CS 6476 - Project 2 by Ahmet Cecen

This script showcases self implemented local feature matching functions, and uses them on test cases to match image pairs with each other.

Part 1 - Baseline Implementation using SIFT-Like Features

These are the baseline local feature matching functions implemented following the prompts in the assigment exactly.

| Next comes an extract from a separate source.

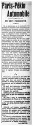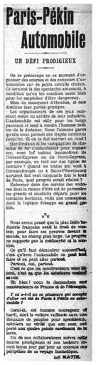 | Keywords: 1907 january pekin-paris pekinparis peking-paris pekingparis le matin lematin french newspaper frenchnewspaper матин французская газета французскаягазета пекин-париж пекинпариж bnf national library of france nationallibraryoffrance bibliothèque nationale de france bibliothèquenationaledefrance gallica национальная библиотека франции национальнаябиблиотекафранции blackandwhite monochrome text black and white Версия перевода. Умопомрачительный вызов! Paris-Pekin Automobile Un Défi Prodigieux - On se préoccupe en ce moment d'organiser des courses at des concours d'automobiles sur de petits circuits choisis. Ce seraient là des spectacles amusants, à condition qu‘on les combine assez bien pour les empêcher d'être dangeraux. - Mais ils manquent d‘étendue, et cela diminue leur portée pratique. - Les organisateurs de ces jeux semblent rester en arriére de leur industrie. L'automobile est utile pour les longs parcours et tend à rendre l‘homme maitre de la distance. Nous l'aimons parce qu’elle nous permet des trajets inconnus jusqu’ici. Et on la fait tourner en rond! - Que dirait-on si les compagnies de chemins de fer s'entendaient pour organiser, avec les nobles locomotives de l'Orient-Express ou du Nord-Express, par exemple, un raid sur nos lignes de ceinture? Quand les trains qui vont à Constantinople ou à Saint-Pétersbourg auraient fait cent cinquante fois le tour de Paris, quel progrés serait réalisé? - Enfermer dans des cercles des voitures dont la raison d'etre est de permettre les grands et soudains départs pour les lointains horizons, voilà une conception dont la logique échappe au grand public. *** Nous avons pensé qua la plus belle industrie française avait le droit de vouloir, pour faire ses preuves devant le monde, un champ plus large. Le progres ne supporte pas la médiocrité ni la routine. - Ce qu'il faut démontrer anjourd... c'est qu'avec I’automobile on pent ...faire et on peut aller partout. Partout, oui, partout. - C'est ce que les constructeurs vous disent, c'est ce que les acheteurs ... savoir. - Eh bien! nous le demandons ... constructeurs de France et de l'etranger. Y en a-it-il un ou plusieurs qui accepts d'aller cet ete de Paris a Pekin en automobile? - Celui-la, cet homme courageux et hardi, dont la voiture vaillante aura une douzaine de peuples pour spectateurs, meritera en verite que son nom, soit porte aux quatre points cardinaux de la terre. Un de nos collaborateurs suivra cette course prodigieuse et nos lecteurs seront tenus jour par jour au courant des peripeties de ce voyage fantastique. Le Matin gallica.bnf.fr/ark:/12148/bpt6k5682280 Версия перевода. Умопомрачительный вызов! Paris-Pekin Automobile Un Défi Prodigieux - On se préoccupe en ce moment d'organiser des courses at des concours d'automobiles sur de petits circuits choisis. Ce seraient là des spectacles amusants, à condition qu‘on les combine assez bien pour les empêcher d'être dangeraux. - Mais ils manquent d‘étendue, et cela diminue leur portée pratique. - Les organisateurs de ces jeux semblent rester en arriére de leur industrie. L'automobile est utile pour les longs parcours et tend à rendre l‘homme maitre de la distance. Nous l'aimons parce qu’elle nous permet des trajets inconnus jusqu’ici. Et on la fait tourner en rond! - Que dirait-on si les compagnies de chemins de fer s'entendaient pour organiser, avec les nobles locomotives de l'Orient-Express ou du Nord-Express, par exemple, un raid sur nos lignes de ceinture? Quand les trains qui vont à Constantinople ou à Saint-Pétersbourg auraient fait cent cinquante fois le tour de Paris, quel progrés serait réalisé? - Enfermer dans des cercles des voitures dont la raison d'etre est de permettre les grands et soudains départs pour les lointains horizons, voilà une conception dont la logique échappe au grand public. *** Nous avons pensé qua la plus belle industrie française avait le droit de vouloir, pour faire ses preuves devant le monde, un champ plus large. Le progres ne supporte pas la médiocrité ni la routine. - Ce qu'il faut démontrer anjourd... c'est qu'avec I’automobile on pent ...faire et on peut aller partout. Partout, oui, partout. - C'est ce que les constructeurs vous disent, c'est ce que les acheteurs ... savoir. - Eh bien! nous le demandons ... constructeurs de France et de l'etranger. Y en a-it-il un ou plusieurs qui accepts d'aller cet ete de Paris a Pekin en automobile? - Celui-la, cet homme courageux et hardi, dont la voiture vaillante aura une douzaine de peuples pour spectateurs, meritera en verite que son nom, soit porte aux quatre points cardinaux de la terre. Un de nos collaborateurs suivra cette course prodigieuse et nos lecteurs seront tenus jour par jour au courant des peripeties de ce voyage fantastique. Le Matin gallica.bnf.fr/ark:/12148/bpt6k5682280 |

Harris Corner Detection using Algorithm 4.1 in the Szeliski book.
SIFT like features using gradient histograms.
Feature matching using ratio test using Eq. 4.18 in the Szeliski book.

Loading the Test Cases

image1 = imread('../data/Notre Dame/921919841_a30df938f2_o.jpg');
image2 = imread('../data/Notre Dame/4191453057_c86028ce1f_o.jpg');
eval_file = '../data/Notre Dame/921919841_a30df938f2_o_to_4191453057_c86028ce1f_o.mat';

image1 = single(image1)/255;
image2 = single(image2)/255;

scale_factor = 0.5;
image1 = imresize(image1, scale_factor, 'bilinear');
image2 = imresize(image2, scale_factor, 'bilinear');

image1_bw = rgb2gray(image1);
image2_bw = rgb2gray(image2);

Harris Corner Detection

Extracts corner keypoints without any scale or orientation information using gradient information.

Feature Description

Spatially bins the local neighbourhood using 4x4 patches in a 16x16 domain.

% Spatial Bins for Cells
[XX,YY] = meshgrid(-0.49:0.25:3.5);
splitMap = round(XX)+4*round(YY);
splitMap = splitMap*8;

imagesc(splitMap)
axis image

Bins the orientation space to 8 principal directions.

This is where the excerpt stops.